# Dropping Direct TV to go to Roku



## jkittle (Sep 1, 2009)

I am dropping Direct TV and just want to go to an amplified antenna. Do I need a converter box?
The TV is an HDTV and I thought it had a tuner. But when I plugged in the antenna I did not get a picture.

Can I hook up a DVR to regular TV and a Roku box?
Thanks for your hrlp,

Jerry


----------



## SAC (Dec 3, 2009)

If the monitor lacks a tuner you can go to EBay (or similar) and locate one of the many subsidized digital tuners distributed for the analog to digital forced march conversion, or you can go to WalMart and buy one (yes, many still have them for sale).

And if you have a DVR (or other device) with a digital tuner, you most likely can use it as a front end for the monitor in conjunction with Roku.

Good luck. 
With services like NetFlix available for less than $10 a month and free services like freemoviesonline, hulu, and others, not to mention the proliferation of off-air sources with the many .1-2 stations featuring content, dumping cable or satellite is not a bad choice at all!


----------



## JustaSheep23 (Jan 1, 2012)

I plan to this very soon myself and was thinking it made sense to get an OTA HD antenna. Any thoughts on this?
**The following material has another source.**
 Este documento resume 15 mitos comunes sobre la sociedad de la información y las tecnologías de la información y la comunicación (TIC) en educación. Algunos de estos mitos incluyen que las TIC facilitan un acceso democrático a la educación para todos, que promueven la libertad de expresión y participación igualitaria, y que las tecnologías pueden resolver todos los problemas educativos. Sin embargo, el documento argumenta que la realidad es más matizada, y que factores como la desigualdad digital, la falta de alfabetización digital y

The main reason would be to watch local live sporting events.

As for the other avenues, I assume they would require a PC capable of delivering a signal over HDMI. I've tried this on my laptop and the results are pretty poor. How do I improve this? My laptop is a cheap model w/ no specific video/tv card features. If the answer is a better video card, any details would be appreciated.


----------



## Infrasonic (Sep 28, 2010)

JustaSheep23, most laptops that have an HDMI port should be able to output to a TV acceptably. If you have an early model unfortunately the only option to improve the performance is to get a new laptop/computer - those videocards are not able to be upgraded.


----------



## JustaSheep23 (Jan 1, 2012)

Okay, I figured if I get serious about streaming, I would upgrade to a decent media centered PC.

Any advice on an OTA antenna?


----------



## Infrasonic (Sep 28, 2010)

You can go to this site for an antenna recommendation.
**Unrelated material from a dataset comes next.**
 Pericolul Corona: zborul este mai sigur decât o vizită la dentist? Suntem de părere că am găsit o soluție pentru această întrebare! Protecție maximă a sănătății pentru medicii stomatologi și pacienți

I would first try an inexpensive powered antenna like this, be sure to get it at a local electronics store with a good return policy. Depending on the distance from your house to the transmitter you may need a higher powered roof antenna to get any or all of the available channels.
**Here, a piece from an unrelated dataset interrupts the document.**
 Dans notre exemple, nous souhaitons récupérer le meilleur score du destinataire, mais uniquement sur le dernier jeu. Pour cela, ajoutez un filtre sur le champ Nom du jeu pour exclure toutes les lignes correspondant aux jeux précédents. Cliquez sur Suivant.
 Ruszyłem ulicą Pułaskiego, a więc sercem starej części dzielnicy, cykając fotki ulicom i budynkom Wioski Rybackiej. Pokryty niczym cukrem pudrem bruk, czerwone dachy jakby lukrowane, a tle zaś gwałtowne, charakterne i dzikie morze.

If you have any issues start a new thread, good luck!


----------



## WooferHound (Dec 8, 2010)

If you had been watching Cable or Satellite and then switched to an over the air antenna, you will need to go into the TV menu and change it from Cable to the Antenna setting to get it to receive off of an antenna.

There is no such thing as an HD or Digital antenna. This is just marketing to get you to buy a new antenna. Any old UHF or All Channel antenna will work wonderfully with over the air signals.

Here is a very good site to find the TV Channels in your area and what kind of antenna you will need to get the signal.
http://www.tvfool.com/

I discontinued our Cable TV last year, but they never did come out and turn it off. Saved about $40 a month too.


----------



## illini_skn (Feb 5, 2012)

You can't hook up a Roku to a DVR (without substantial intervention) and I'm not sure you would need to since the Roku will save and resume viewed items. You can hook up an OTA to a DVR and we do this to record local HD channels.


----------